START MATERIAL FOR THIS EXERCISE

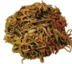
13: Yakisoba con verduras y pollo
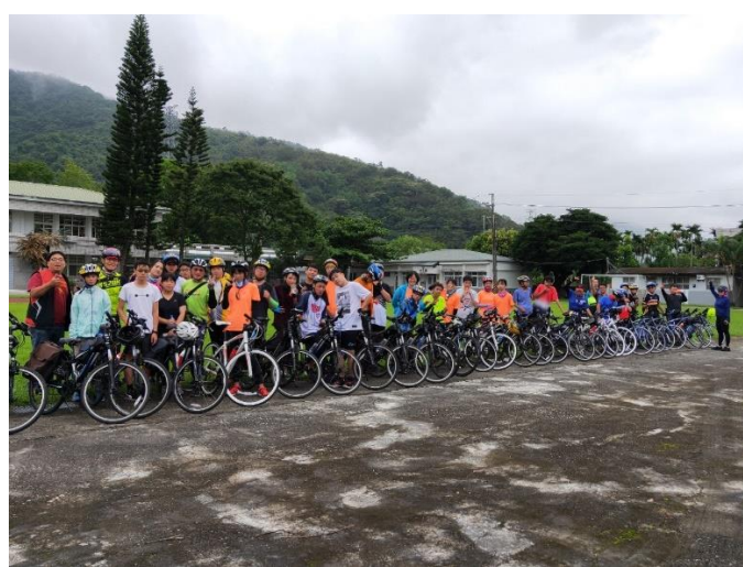
花東 200K 單車行
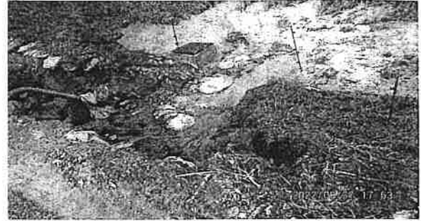
桜西地区：土手崩れ
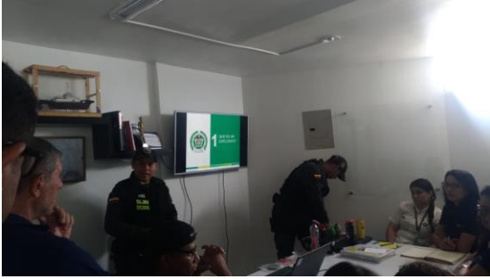
Charla de prevención frente al terrorismo e identificación de explosivos - SIJIN Dirigido a: Augustea Grancolombia S.A - Fecha: Junio 21 de 2019 Asistencia: 14 personas.
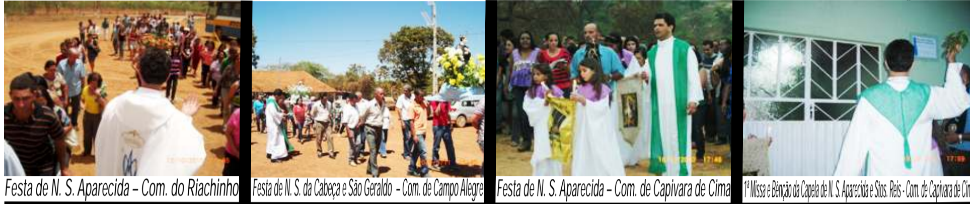
Festa de N. S. Aparecida - Com. do Riachinho Festa de N. S. da Cabeça e São Geraldo - Com. de Campo Alegre Festa de N. S. Aparecida - Com. de Capivara de Cima 1ª Missa e Bênção da Capela de N. S. Aparecida e Sítos Reis - Com. de Capivara de Cima
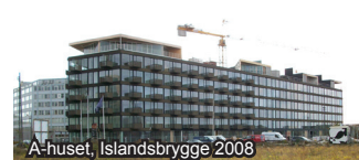
A-huset, Islandsbrygge 2008
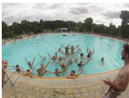
Baignade à Buthiers.

Site internet : www.amilly.com (rubrique jeunesse)
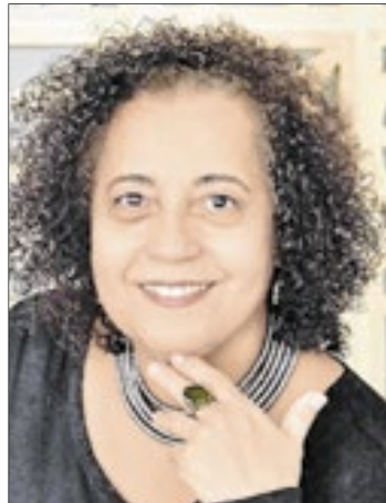
A escritora e jornalista lança hoje, em Paraty, seu mais novo livro de crônicas

Suas crônicas, ao contrário da falta de amor e compaixão, são lenitivos, bálsamos que embelezam nossos sentidos, nos dão razão para acreditar no sobrevivente próximo - e em nós mesmos, nas nossas forças e atitudes."
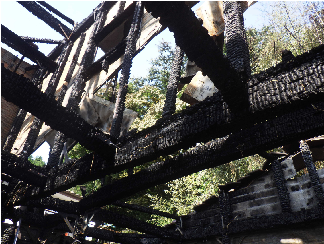
建物火災 現場写真
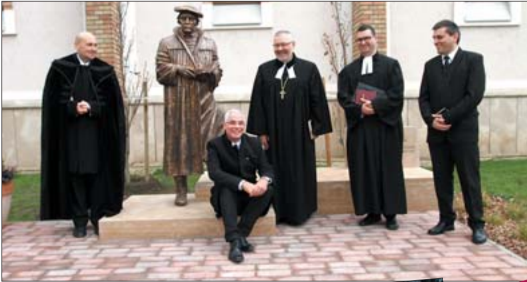
A Luther Márton-szobor avatása.
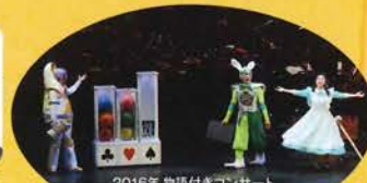
2016年 物語付きコンサート 「アリスのクラシックコンサート」より
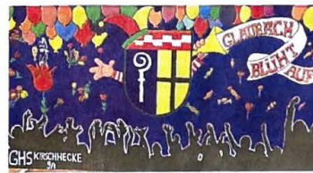
Der dritte Platz bei den Klassen 8-10 belegt die Gemeinschaftshauptschule Kirschhecke mit Klasse 9a.
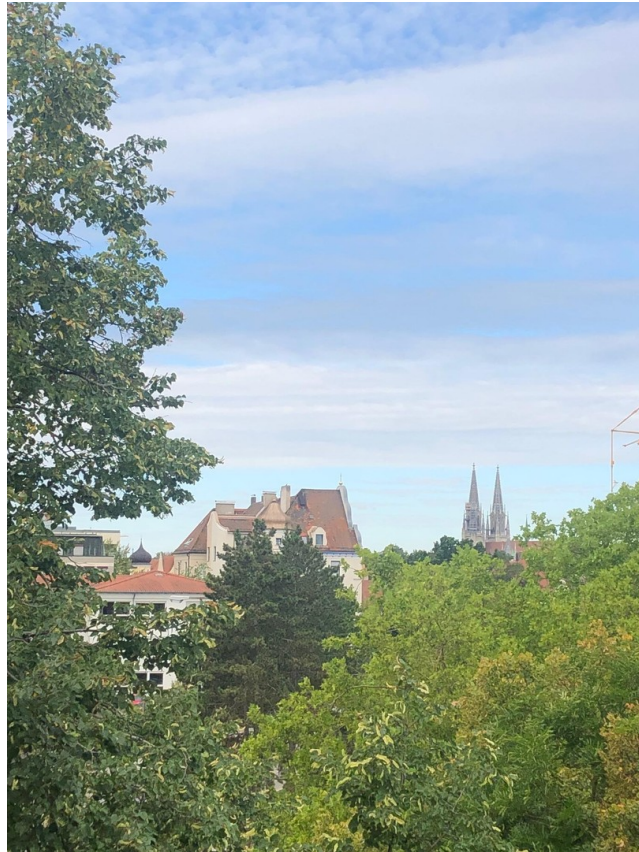
Blick in die Innenstadt
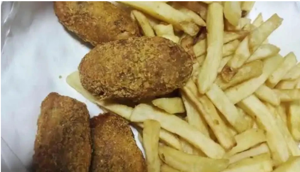
Lo de pepe papas fritas
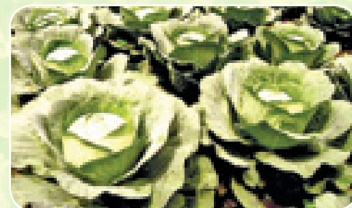
Mmea ulionawiri wa kabeji
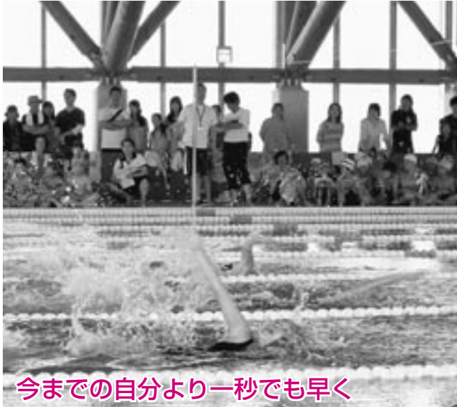
今までの自分より一秒でも早く
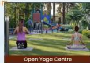
Open Yoga Centre
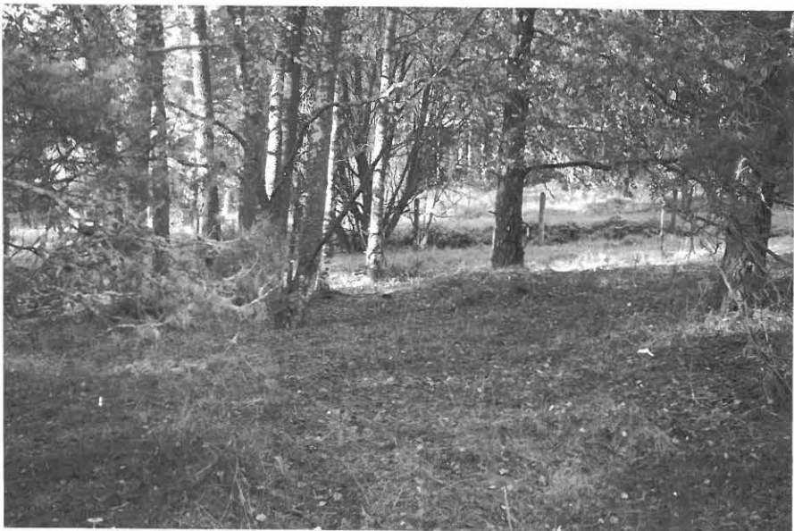
Kuva 3. Tieraunio. N-S. (f. 136040).
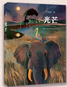
▲《光芒》 刘海栖 著
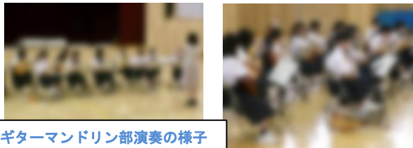
ギターマンドリン部演奏の様子

ひなわしメート（鷺別地区放課後子ども教室 [ ]さん）から声を掛けていただき、鷺別小学校の体育館で演奏を行ってきました。日頃の練習成果を発揮する貴重な機会になりました。ひなわしメートの皆さん一人一人が、目を輝かせて聴いてくれていた姿を微笑ましく感じた時間でした。
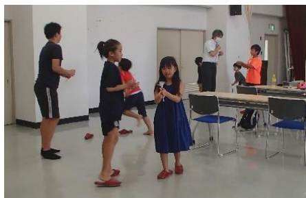
スーパーボールロケット
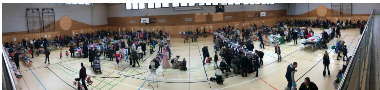
Gemeinnütziger Verein zur Förderung der Paul-Maar-Grundschule in Großziethen gegründet 2000 • Karl-Marx-Str. 142 • 12529 Schönefeld - Großziethen
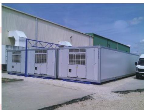
Assemblage des unités
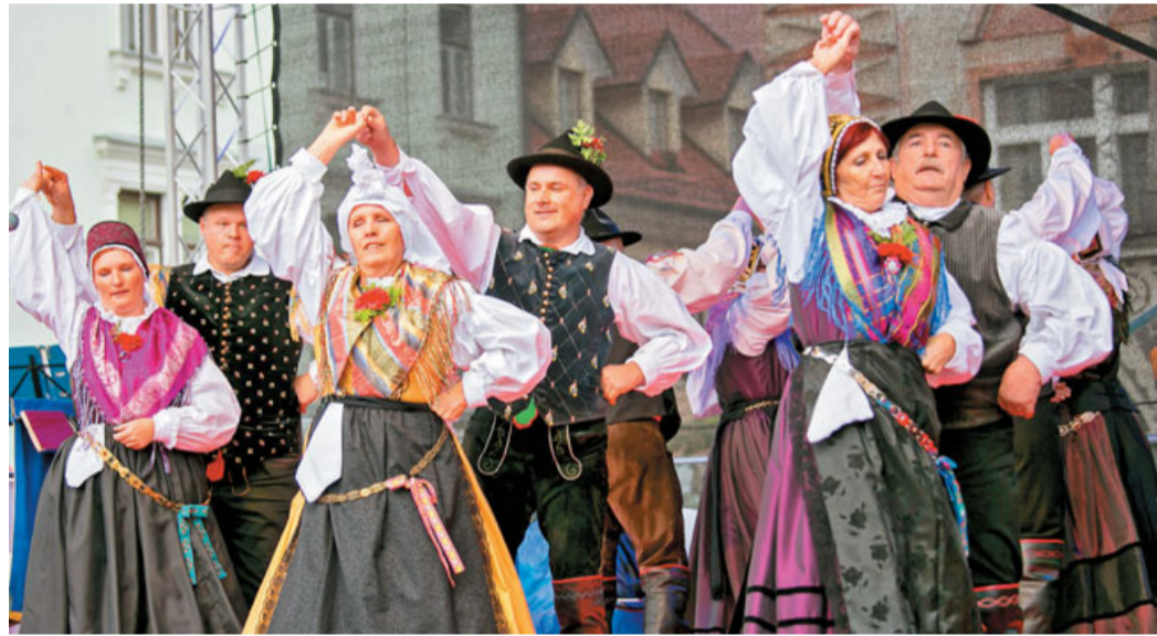
S folklornimi plesi se je tudi tokrat predstavila domača Folklorna skupina Kamnik.
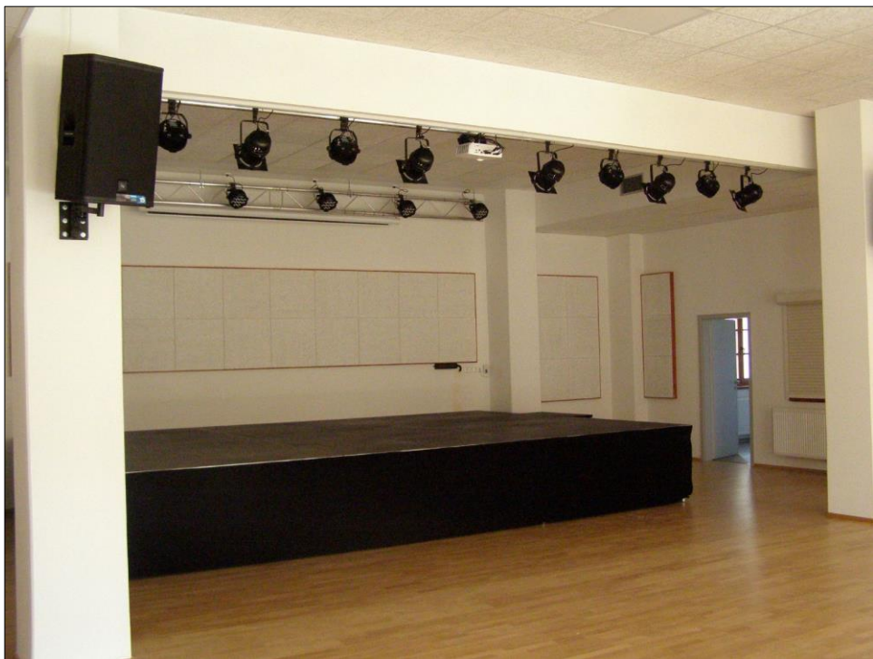
Polyfunkční komunitní centrum Hejtmánkovice – sál s podiem.
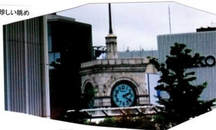
銀座の珍しい眺め
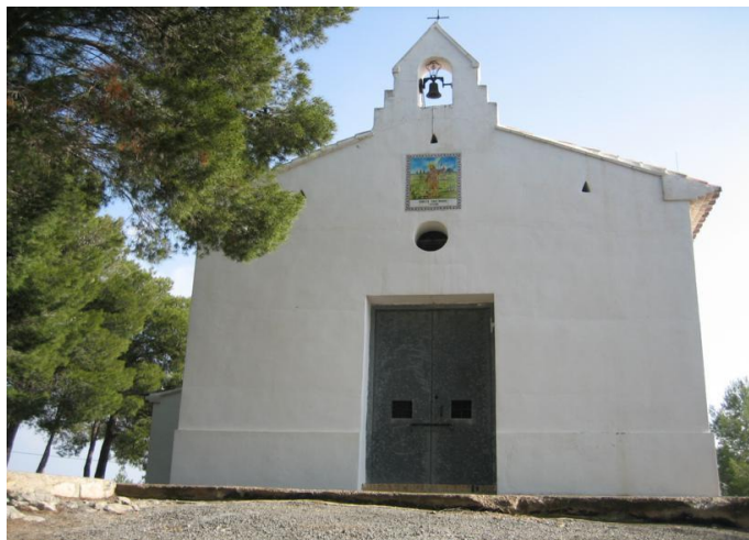
San Roque, Viver

END MATERIAL FOR THIS EXERCISE

**ASSIGNMENT:** Please copy every line from the entries that includes the word "crônicas".

**EXERCISE ANSWER:**
A escritora e jornalista lança hoje, em Paraty, seu mais novo livro de crônicas
Suas crônicas, ao contrário da falta de amor e compaixão, são lenitivos, bálsamos que embelezam nossos sentidos, nos dão razão para acreditar no sobrevivente próximo - e em nós mesmos, nas nossas forças e atitudes."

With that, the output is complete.